The study of meteorological drought is a complex issue. Drought is directly caused by a deficit of rainfall but is more than simply a rainfall deficit. There are a large variety of drought definitions—for example, meteorological, agricultural, hydrological, or socioeconomic drought, each of which has distinct impacts (Dai 2011). Observational records of drought are uncertain, and the IPCC Fifth Assessment Report concluded that “confidence is low for a global-scale observed trend in drought or dryness (lack of rainfall) since the middle of the 20th century, owing to lack of direct observations, methodological uncertainties and geographical inconsistencies in the trends” (Hartmann et al. 2013, p. 162). Most drought indices make use of two or more ECVs (Zargar et al. 2011). The availability of multivariate surface holdings through CLIMOD that included drought-relevant parameters such as temperature, humidity, and winds in addition to rainfall would greatly facilitate historical and ongoing observationally based drought research activities and help to reconcile apparent discrepancies in historical estimates of drought prevalence that depend both on data sources considered (Trenberth et al. 2014; Dai and Zhao 2017) and choice of specific indices (Dai and Zhao 2017; Fig. SB1).
The effect of heat waves on flora and fauna can be studied using solely dry-bulb air temperature. However, the effect of moisture in the air is an important measure of the thermal comfort of animals (including humans) who rely on the evaporation of water (sweating or panting) to thermoregulate. High relative humidity at high temperatures limits the rate at which evaporation can occur, leading to heat stress or, in extreme circumstances, fatal overheating. Conversely, at low temperatures, moister air can make the body feel cooler through more efficient conduction of heat away from the skin and more energy required to warm the moist air close to the skin. An additional ECV that has value in the study of heat stress is the local wind speed.
A common measure of heat stress is the temperature–humidity index (THI), which was initially developed for humans but has subsequently been shown to correlate strongly with the impact of heat stress on dairy cattle (Berry et al. 1964).
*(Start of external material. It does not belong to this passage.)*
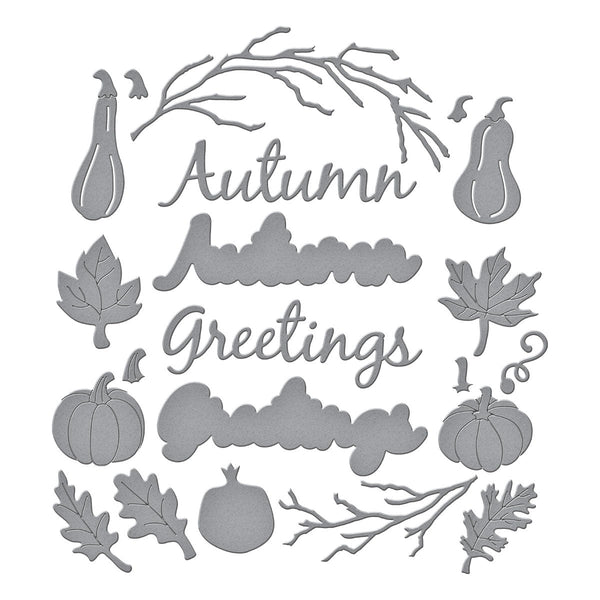 Autumn Greetings Wreath Etched Dies are from the Texture & Foliage Collection by Suzanne Hue. The set of 13 thin metal cutting dies creates a wonderful grapevine wreath with many accents and an Autumn Greetings sentiment. Makes a perfect focal point for any fall-themed projects.

By combining air and dewpoint temperature from the subdaily multivariable Hadley Centre Integrated Surface Database (HadISD) dataset, Dunn et al. (2014) investigated the changes in the THI for U.K. dairy cattle since 1973. Although on average there are only a few days per year where cattle would experience heat stress, during the heat wave years of 2003 and 2006, this exceeded 5 days or more (Fig. SB2). A shift in the distribution of THI between the early and late periods was also shown. CLIMOD would allow these kinds of studies to be conducted on a larger scale for a wider range of environments and adaptations, including the assessment of urban heat stress, heat sensitivity in crops, and vulnerability thresholds for plants and animals.
To be sustainable, CLIMOD will need to be well used. Primary users are likely to be experts and practitioners accessing the raw observations and deriving data products suitable for specific applications. These users should be engaged from the outset to ensure that CLIMOD meets their needs. Users may inform prioritization with regards to data rescue and sourcing, data formats, data access options, and data provenance. Broad usage will require data discovery metadata and associated data exploration tools. This may include UIDs and tools to subset and visualize holdings by region, time scale, ECV, source, and provision of inventories. Discovery metadata should be ISO19115 compliant. Existing resources such as the National Center for Atmospheric Research (NCAR) Research Data Archive (http://rda.ucar.edu/) would be able to perform user-defined subsetting operations. Metadata exploration could be enabled through the WMO Observing Systems Capability Analysis and Review tool (https://oscar.wmo.int/surface), which would also ensure compliance with emerging WMO Integrated Global Observing System (WIGOS) metadata standards, or the NOAA/National Centers for Environmental Information (NCEI) Historical Observing Metadata Repository (www.ncdc.noaa.gov/homr) interface. Although initially machine-readable metadata may be extremely limited for many stations, in the longer term such tools may facilitate appending of richer metadata for stations.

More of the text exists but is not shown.